PDA

View Full Version : How to parse HTML file from VBA code into Excel ?



VinoBob
04-29-2010, 09:00 AM
Hi!

I would like to do the folowing:

- Open a HTML file from VBA code ( with a from )
- Access <td> tags that have a specific attribute ( namely : class="font" width="220" )
- copy the value of these table cells into Excel cells

Is it possible ? If yes, then how ?

Thanks in advance !

austenr
04-29-2010, 09:40 AM
You want to import an HTML file into Excel using an Access form is that it? Why use Access at all? You can filter it with Excel.

Also you need to be more clear on your explaination.

VinoBob
04-29-2010, 10:09 AM
Nope. I wanna access the table that is i want to handle it from the VBA code. That has nothing to do with the Access DB SW.

So i would like to open the HTML file from code ( like you open a worksheet with Application.Dialogs(xlDialogOpen).Show ), and get the values of the previously mentioned table cells, and copy them into the table in the worksheet. Got it ?

Its enough for me if i can open the file as a textfile, and then i can search in it, cause i know what tokens i need to search, but if i could open the file as HTML file, and search for the td tags with specified attributed its even better.

Crocus Crow
04-29-2010, 01:50 PM
Something like this should get you started. First you need to create the example HTML file used by my code, so go to the VBA Express Excel Help Forum (I'm not allowed to post the link!) in IE and save the page as C:\VBAExpress_Excel_Forum.html using File - Save As - Webpage, HTML only.


'Requires references to Microsoft Internet Controls and Microsoft HTML Object Library

Sub Extract_TD_text()

Dim URL As String
Dim IE As InternetExplorer
Dim HTMLdoc As HTMLDocument
Dim TDelements As IHTMLElementCollection
Dim TDelement As HTMLTableCell
Dim r As Long

'Saved from www vbaexpress com/forum/forumdisplay.php?f=17
URL = "file://C:\VBAExpress_Excel_Forum.html"

Set IE = New InternetExplorer

With IE
.navigate URL
.Visible = True

'Wait for page to load
While .Busy Or .readyState <> READYSTATE_COMPLETE: DoEvents: Wend

Set HTMLdoc = .document
End With

Set TDelements = HTMLdoc.getElementsByTagName("TD")

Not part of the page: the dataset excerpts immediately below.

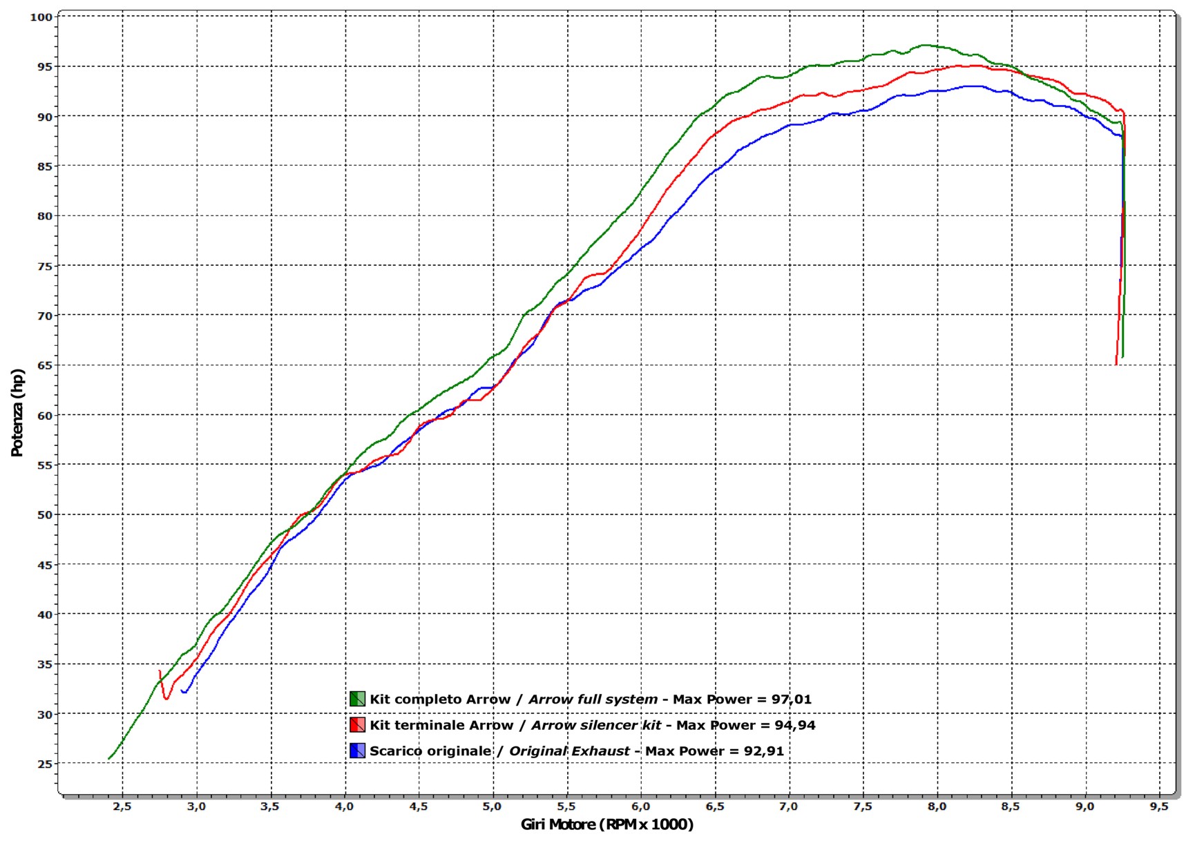 The Arrow Maxi Race-Tech Slip-On Exhaust uses similar design features of the Race-Tech slip-on exhaust, but with a larger muffler. The muffler size makes this option ideal for larger displacement engines and single or twin cylinder engines. The Arrow Maxi Race-Tech Slip-On Exhaust is also a good choice for regions where there are stricter noise requirements.
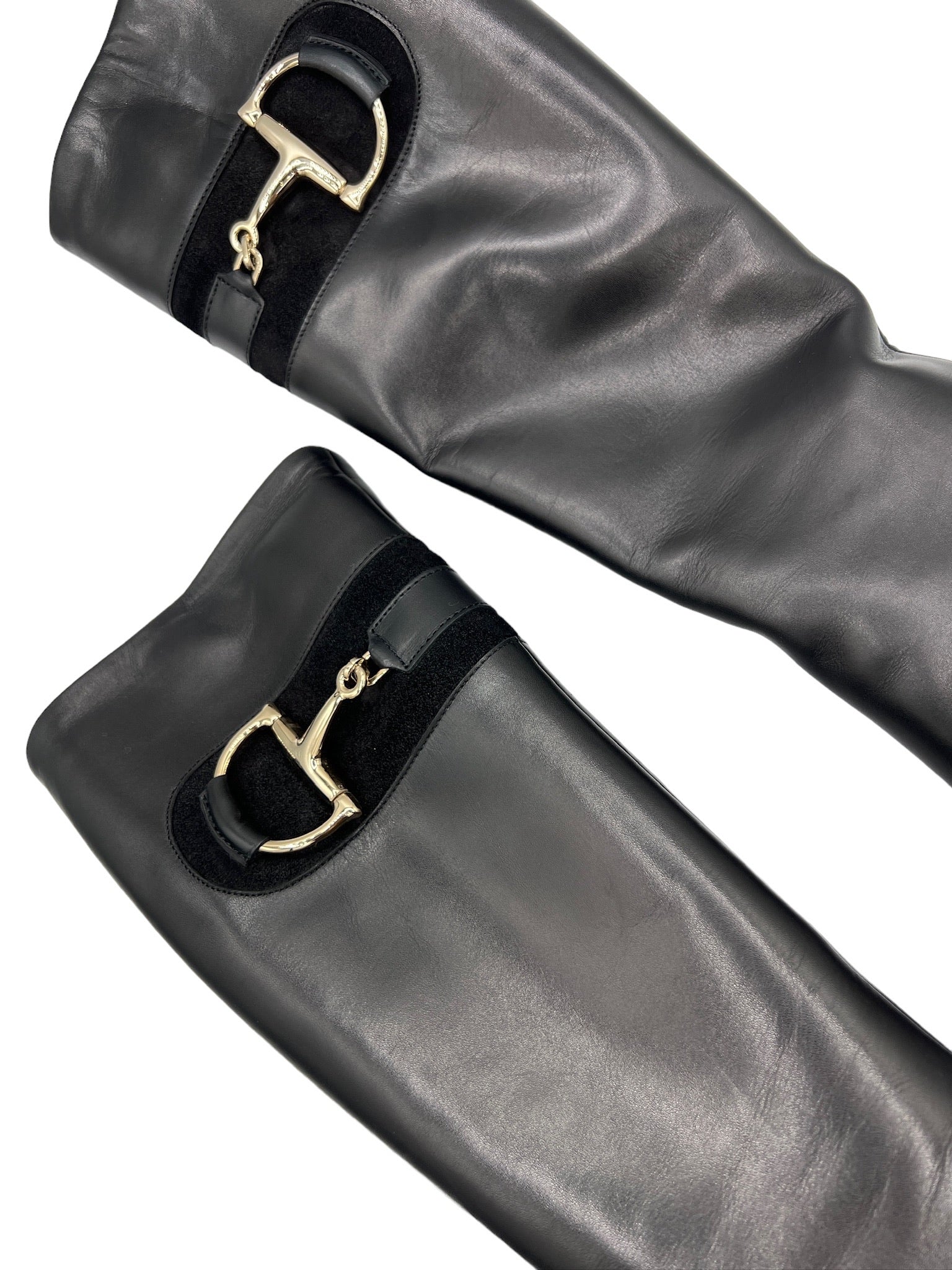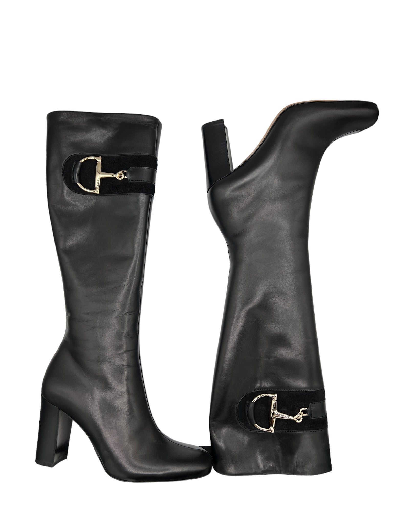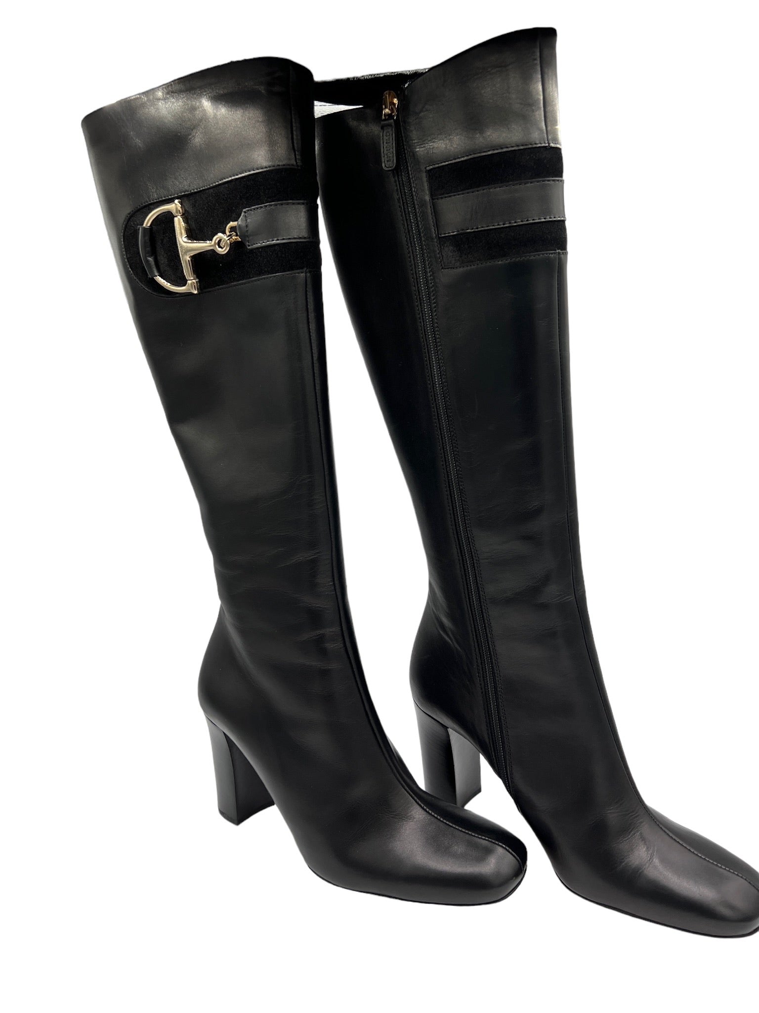 Elevate your shoe game with these GUCCI black leather boots. Crafted with high-quality black leather and accompanied by a box and dust bag, these boots are both stylish and functional. From the renowned fashion house GUCCI, these boots exude elegance and sophistication. Available in women's size 37.
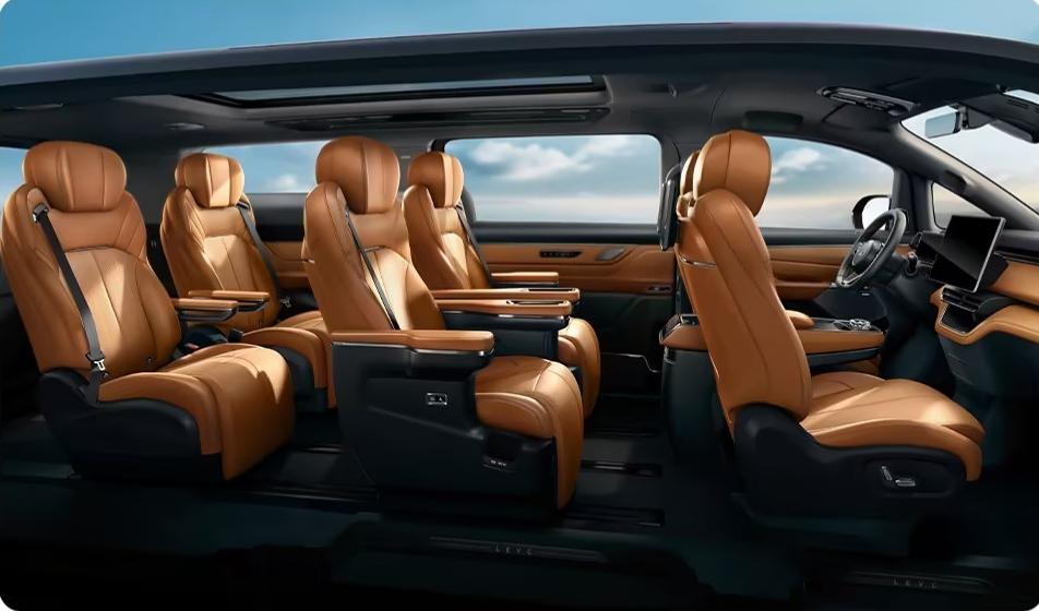 側面來看,新車側面看上去較為流暢,筆直的腰線從車頭延伸至尾。雙色拼接的設計進一步提升時尚感,黑色車窗營造出懸浮式車頂的視覺效果。此外,該車預計將支持雙側電滑門功能。車尾部分,新車采用了獨特的尾燈造型設計,貫穿式尾燈組從中間向兩邊擴散,點亮后極具辨識度。車身尺寸方面,新車長寬高分別為5316/1998/1940mm,軸距為3185mm。
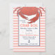 Sorprendente por su sencillez, esta invitación de coral y azul marino presenta un fondo coralino con rayas blancas y un gran gráfico de un cangrejo sobre un espacio blanco perfecto para muchas líneas de personalización con la información de tu evento. Simplemente utilice las plantillas que se proporcionan fácilmente para crear su propia invitación para la barbacoa de verano, el hervidor de cangrejo o la recepción de la playa náutica. La parte trasera está impresa en azul marino.
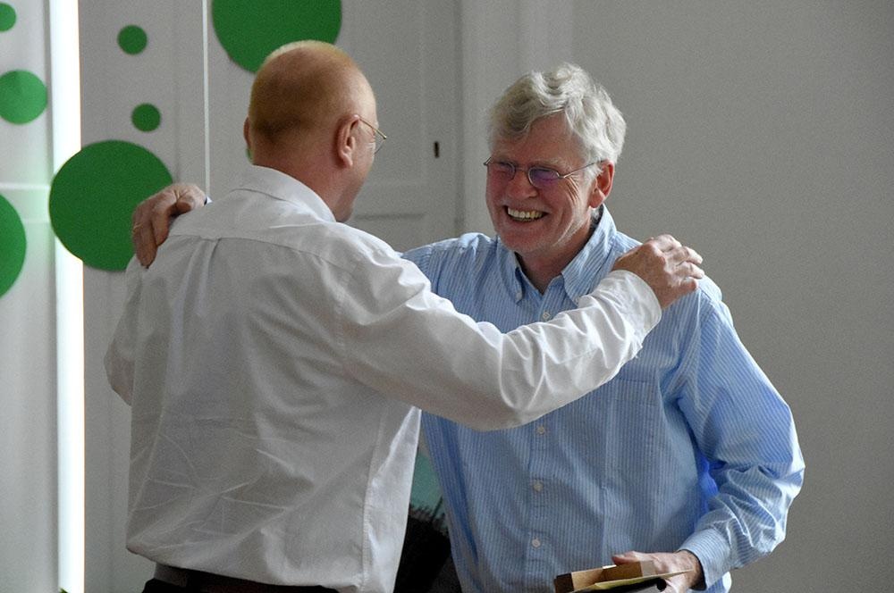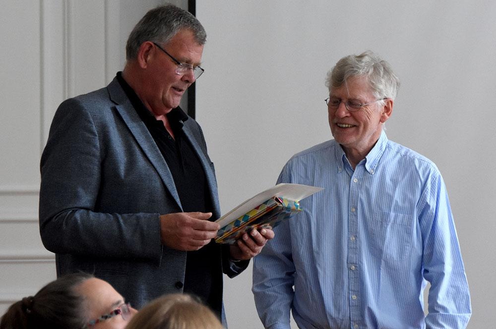 Die Künstler hatten ein Quiz vorbereitet, das Ulli mit Hilfe des Kollegiums mühelos bewältigte. Mit beeindruckenden persönlichen und emotionalen Erzählungen erinnerten sie an einen Pädagogen mit ungewöhnlichen Ideen und Methoden. Bei der künstlerischen Gestaltung der Loburg hat Ulli wohl am nachhaltigsten gewirkt. Zahllose Kunstwerke im Innen- und Außenbereich werden wohl noch Jahrzehnte das Bild der Loburg prägen. Sein bekanntestes Werk ist wohl das „kaputte Auto“ (so der Wortlaut eines Schülers), das schon in zahlreichen Publikationen über das Münsterland besprochen wurde.
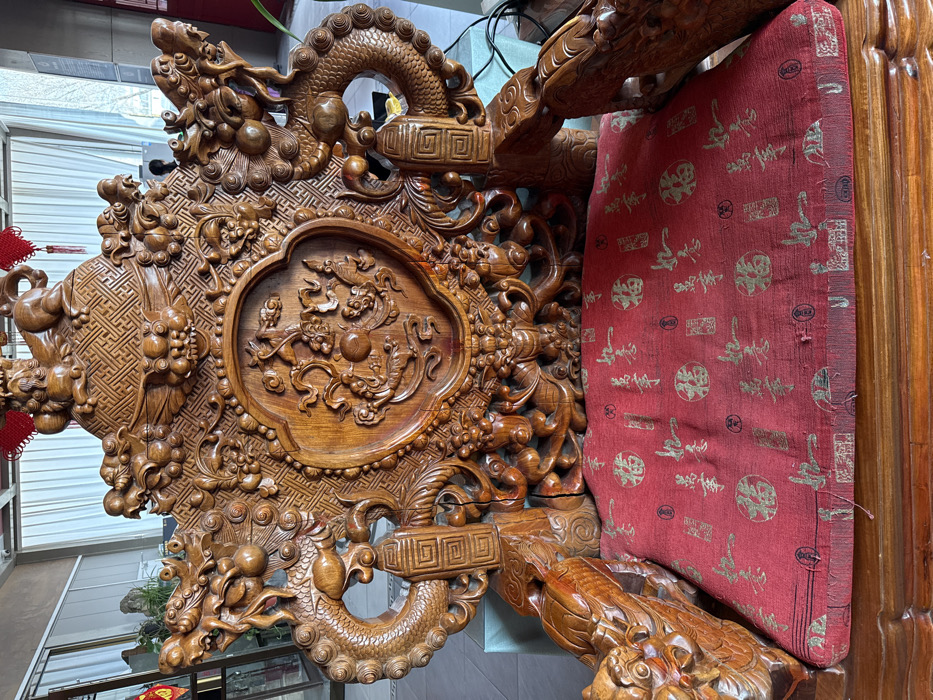 The scene displays a large, elaborately carved wooden chair situated indoors in Chaoyang District, China

Sheet1.Cells.ClearContents

r = 0
For Each TDelement In TDelements
'Look for required TD elements - this check is specific to VBA Express forum - modify as required
If TDelement.className = "alt2" And TDelement.Align = "center" Then
Sheet1.Range("A1").Offset(r, 0).Value = TDelement.innerText
r = r + 1
End If
Next

End Sub
As noted in the code you need to modify it for your particular TD tags, i.e. TDelement.width = "220"

tauterouff
04-18-2013, 01:49 PM
The example you provided works fine but when I try it on an on a company html page (same steps) and edit the search criteria it doesn't list any results.

Here is a part of the html.
<td class="graytext" width="50%">DBA Address</td>


<td width="50%" class="text">7 Dwarfs Ln</td>



<tr>




If I search for "graytext" or "test" and remove your second variable it won't find anything. Could there be another issue?

abhay_547
01-18-2018, 08:44 PM
The example you provided works fine but when I try it on an on a company html page (same steps) and edit the search criteria it doesn't list any results.

Here is a part of the html.
<td class="graytext" width="50%">DBA Address</td>


<td width="50%" class="text">7 Dwarfs Ln</td>



<tr>


If I search for "graytext" or "test" and remove your second variable it won't find anything. Could there be another issue?





I have the lines on the html page which are supposed to be in a table format but they are not and there is no separator between each column data except some undefined spaces as shown in below image, so how can i import it as a proper table .i.e. into separate columns in the excel file, also i have multiple such html files so i can import multiple files into one worksheet.